Smart Contracts and beyond

In this article, we are going to talk about the smart contracts.

What are smart contracts?

Smart contracts are lines of code that are stored in a blockchain and are automatically executed when the default terms and conditions are met. At the most basic level, they are programs that run as they were configured to be executed by the people who developed them. The benefits of smart contracts are more evident in business partnerships; in which they are generally used to enforce some kind of agreement so that all participants can be sure of the outcome without the participation of an intermediary.

What do smart contracts really do?

The coolest way to describe what a smart contract does is through an example. If you ever bought a car from a dealership, you know that there are several steps and it can be a frustrating process. If you cannot pay for the car directly, you must obtain financing. This will require a credit check and you must complete several forms with your personal information to verify your identity. Along the way, you will have to interact with several different people, including the seller, the finance broker and the lender. To compensate for your work, several commissions and fees are added to the base price of the car.

What smart blockchain contracts can do is simplify this complex process that involves several intermediaries due to lack of trust among the participants in the transaction. With their identity stored in a blockchain, lenders can quickly make a decision about credit. Then, a smart contract would be created between your bank, the dealership and the lender so that once the funds have been delivered to the dealership, the lender will retain the title of the car and the repayment will begin according to the agreed terms. The transfer of ownership would be automatic since the transaction is recorded in a blockchain, shared among the participants and can be verified at any time.

How do smart contracts work?

Smart contracts work by following simple “yes / when … then …” statements that are written in the code of a blockchain. A network of computers executes the actions (releases funds to the corresponding parties; registers a vehicle; sends notifications; issues a ticket) when predetermined conditions are met and verified. The blockchain is updated when the transaction is completed.

Let’s see how this develops in an example supply chain. Buyer B wants to buy something from seller A, so he deposits money into a deposit account. Seller A will use Sender C to deliver the product to Buyer B. When Buyer B receives the item, the money in deposit will be delivered to Seller A and Sender C. If Buyer B does not receive the shipment before Date Z, the money in deposit will be returned. When this transaction is executed, Manufacturer G is notified to create another item that was sold to increase supply. All this is done automatically.

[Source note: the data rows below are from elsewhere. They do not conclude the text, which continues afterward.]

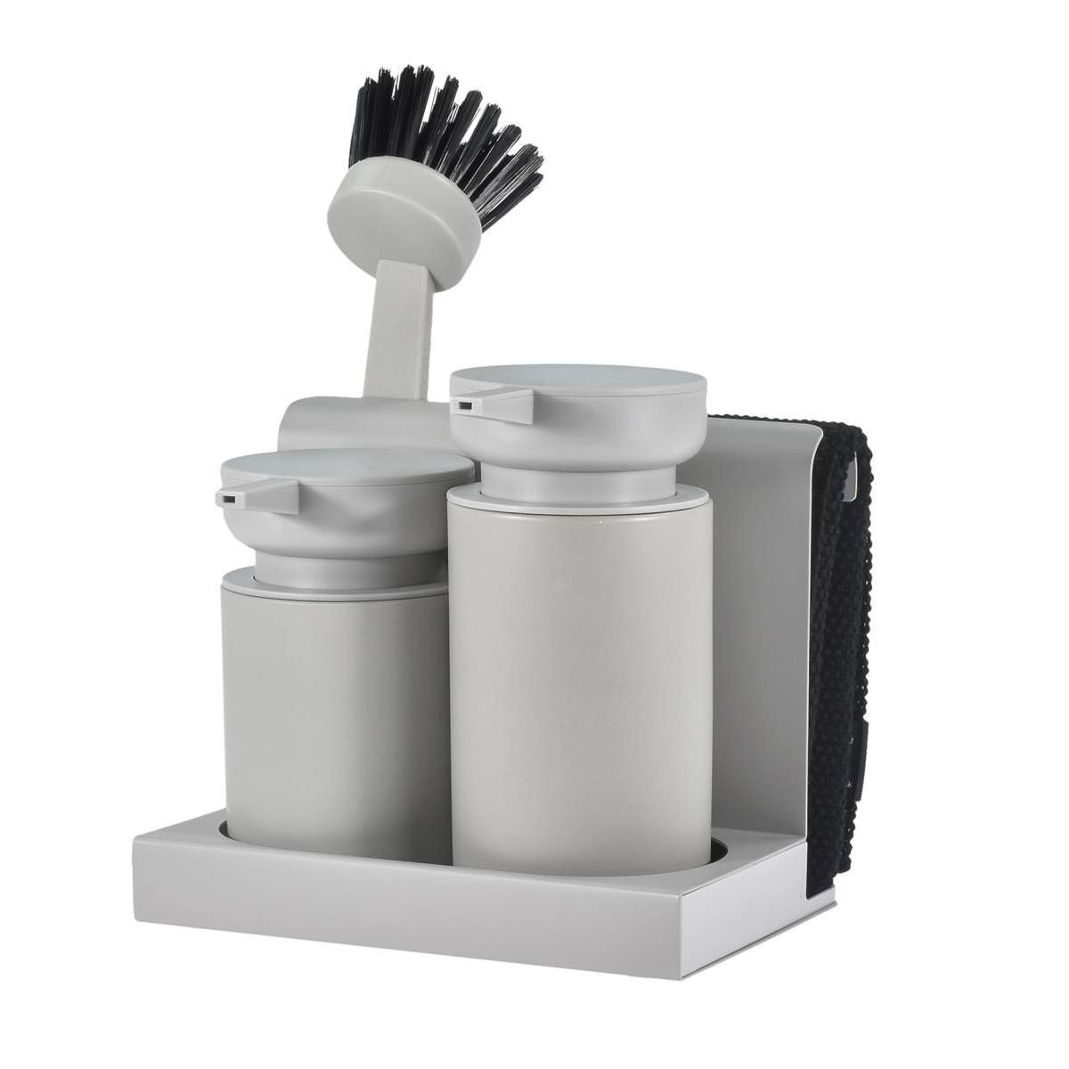 Lieferumfang | 1 Halterung, 2 Spülmittelspender, 1 Spülbürste, 1 Spültuch |
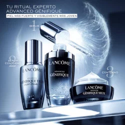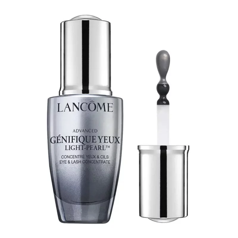 Nuestro serum contorno de ojos y pestañas experto Advanced Génifique Yeux Light-Pearl combina por primera vez 7 Extractos de Pre y Probióticos para una mirada más saludable y fortalecida, Cafeína para una piel revitalizada con ojeras y bolsas reducidas; y Arginina para unas pestañas fortalecidas y un contorno de ojos hidratado.
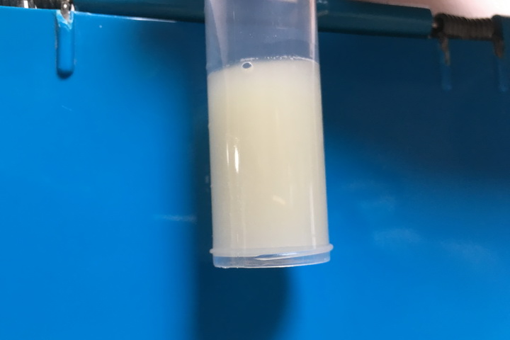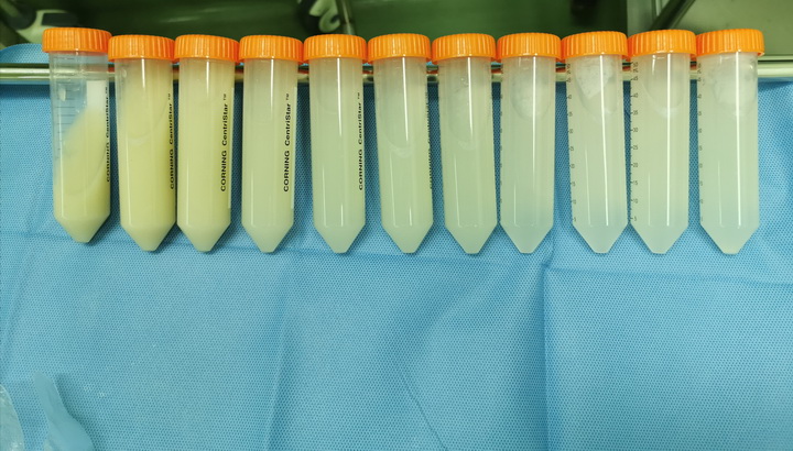 为了保证手术中的通气安全,整个团队通力合作,先用 2.8毫米的纤维支气管镜引导 3.5mm带套囊气管插管行右侧支气管插管,给予单肺机械通气。再用7F气管封堵器封堵左侧支气管。置管后患儿取右侧卧位,通过7F气管封堵器灌洗左肺。操作过程中每一位医生都心思缜密,操作精准,确保置管和通气顺利。灌洗时,首先将温热的生理盐水注入肺内,然后将液体在肺内保留片刻并给予充分震荡,浑浊的乳白色“牛奶”样液体被灌出,反复灌洗10余次,灌洗液共达550余毫升,回收500毫升,回收率高达90%。术中严密监测患儿生命体征和血气电解质,反复床旁B超检查肺部情况。术后复苏顺利,未吸氧下经皮氧100%,术后2天监护生命体征均平稳。首次全肺灌洗得到了相关科室如医务部和PIU的大力支持。

Within a smart contract, there may be as many stipulations as necessary to satisfy the participants that the task will be completed satisfactorily. To establish the terms, participants of a blockchain platform must determine how transactions and their data are represented, agree on the rules governing those transactions, explore all possible exceptions and define a framework for resolving disputes. It is usually an iterative process that involves both developers and business stakeholders.